We will be using the Ensembl references, with their accompanying GTF annotations.

Note

While the data are already on the server here, in practice or if you are following this course without a teacher, you can grab the reference genome data from the Ensembl ftp website.

In particular, you will want a mouse DNA fasta file and gtf file.

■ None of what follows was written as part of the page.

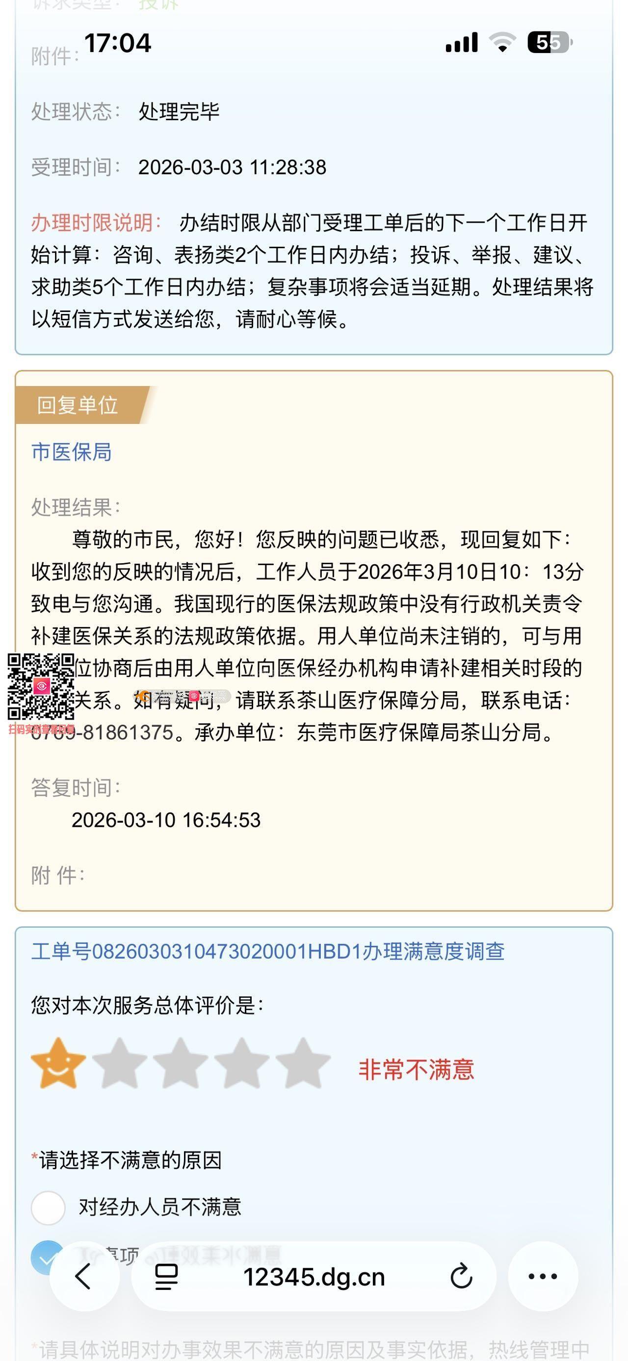 我对处理结果非常不满意。 东莞茶山镇社保局告知我,单位同意补缴社保,但要我个人承担一万多元滞纳金。根据法律,滞纳金应由单位全额承担,不应由我支付。社保局不依法督促单位,反而转达这种不合理要求,明显偏袒川拓电子厂。 茶山劳动监察工作人员电话态度恶劣,8分钟通话我几乎插不上嘴,也偏向企业。 我投诉的公积金问题至今无人处理。要求重新依法处理。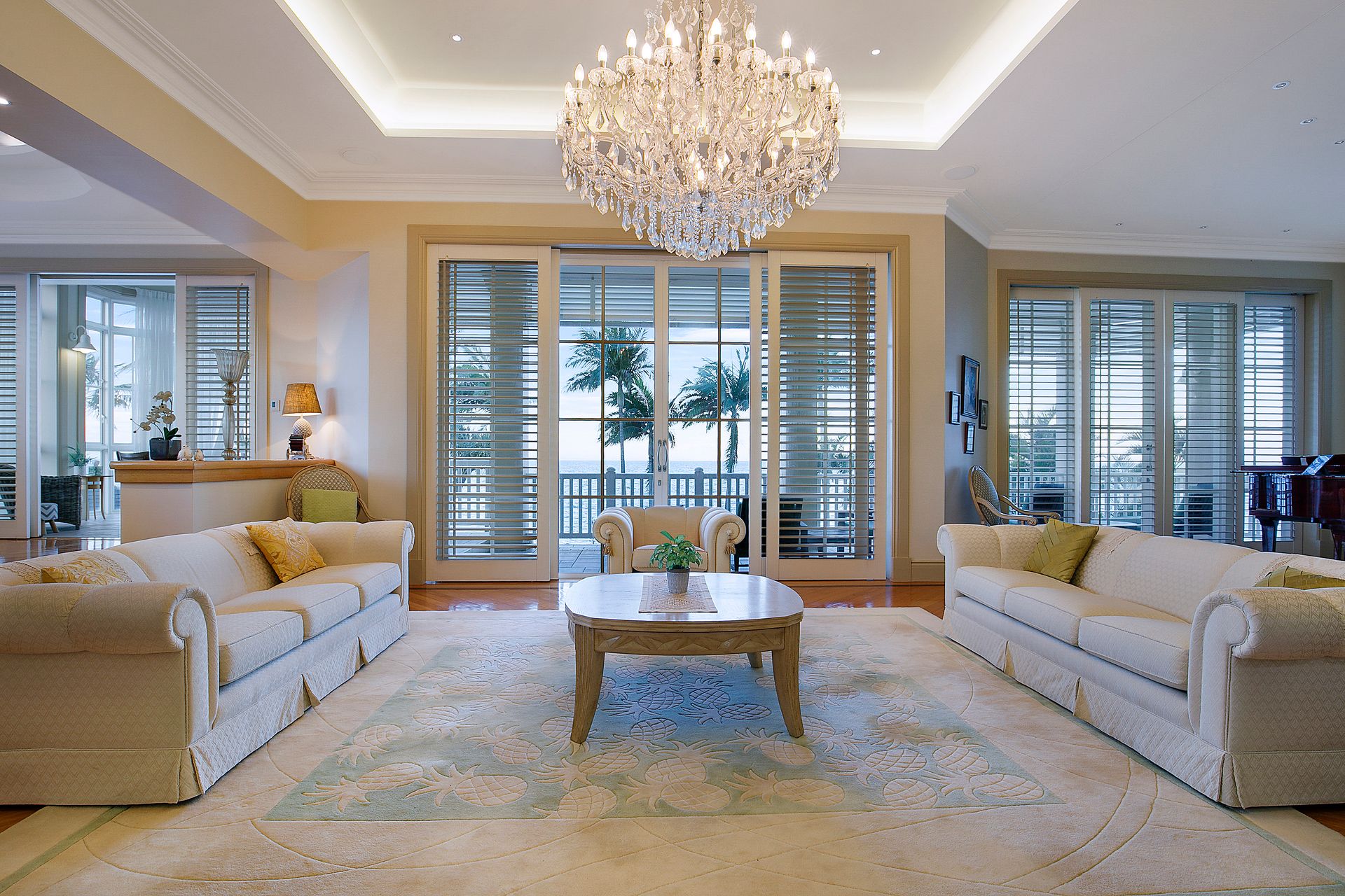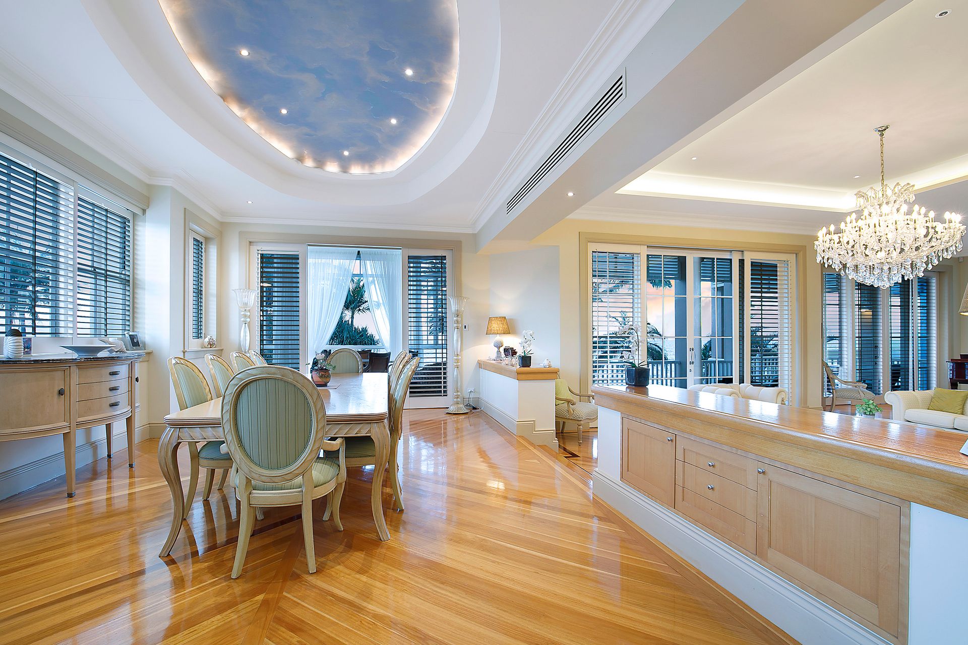 With over 1300m2 of timeless luxury, the living spaces are beyond generous with elegant, classic decor and boasting stunning features at almost every turn. The home embraces the essence of its conception with 3.5m coved ceilings, plantation shutters, Tasmanian oak flooring throughout and most rooms capturing the beautiful bay vistas. Its well designed floor plan is idyllic, taking full advantage of this sensational lifestyle opportunity and its ultimate waterfront location. The spectacular living areas are a sight to behold showcasing Moreton Bay through floor to ceiling glass lining the entire eastern side of the property. Each bedroom boasts shimmering bay vistas and an exclusive balcony. It also provides absolute peace and privacy to the grand master suite and remaining bedrooms.

Take note of the genome sequence and annotation versions, you will need this in your paper’s methods section!

Task : Using STAR, build a genome index for the mouse mitochondrial chromosome.

  • .fasta and .gtf files are in : /shared/data/DATA/Mouse_MT_genome/.
  • create the index in the folder 041_d_STAR_mouseMT_reference
  • the module name for this aligner is star.
  • this job should require less than 4Gb and 10min to run.

STAR basic parameter for genome index generation

From the manual. Refer to it for more details

  • --runMode genomeGenerate : running STAR in index generation mode
  • --genomeDir </path/to/genomeDir> : output folder for the index
  • --genomeFastaFiles </path/to/genome/fasta1> : chromosome sequences fasta file (can be several files)
  • --sjdbGTFfile </path/to/annotations.gtf> : annotation gtf file
  • --runThreadN <NumberOfThreads> : number of threads to run on
  • --sjdbOverhang <ReadLength-1> : length of the genomic sequence around the annotated junctions to be used in constructing the splice junctions database. Ideally : read length - 1.

Additionally, because the genome is so small here (we only use the mitochondrial chromosome after all), you will need the following advanced option:

  • --genomeSAindexNbases 5 : must be scaled to min(14, log2(GenomeLength)/2 - 1), so 5 in our case

Note

While your indexing job is running, you can read ahead in STAR’s manual to prepare the next step : mapping your reads onto the indexed reference genome.

STAR indexing script
#!/usr/bin/bash
#SBATCH --job-name=star-build
#SBATCH --time=00:30:00
#SBATCH --cpus-per-task=2
#SBATCH --mem=3G
#SBATCH -o 041_l_star_index.o


G_FASTA=/shared/data/DATA/Mouse_MT_genome/Mus_musculus.GRCm39.dna.chromosome.MT.fa
G_GTF=/shared/data/DATA/Mouse_MT_genome/Mus_musculus.GRCm39.MT.gtf

ml star

mkdir -p 041_d_STAR_mouseMT_reference

STAR --runMode genomeGenerate \
     --genomeDir 041_d_STAR_mouseMT_reference \
     --genomeFastaFiles $G_FASTA \
     --sjdbGTFfile $G_GTF \
     --runThreadN 4 \
     --genomeSAindexNbases 5 \
     --sjdbOverhang 99 

It can be found on the cluster at /shared/data/Solutions/mouseMT/041_s_star_index.sh

Extra task : Determine how you would add an additional feature to your reference, for example for a novel transcript not described by the standard reference.

Answer

You would edit the gtf file to add your additional feature(s), following the proper format.

Note

In case you’ve got multiple FASTA files for your genome (eg, 1 per chromosome), you may just list them with the genomeFastaFiles option as follow:

--genomeFastaFiles /path/to/genome/fasta1.fa /path/to/genome/fasta2.fa /path/to/genome/fasta3.fa ...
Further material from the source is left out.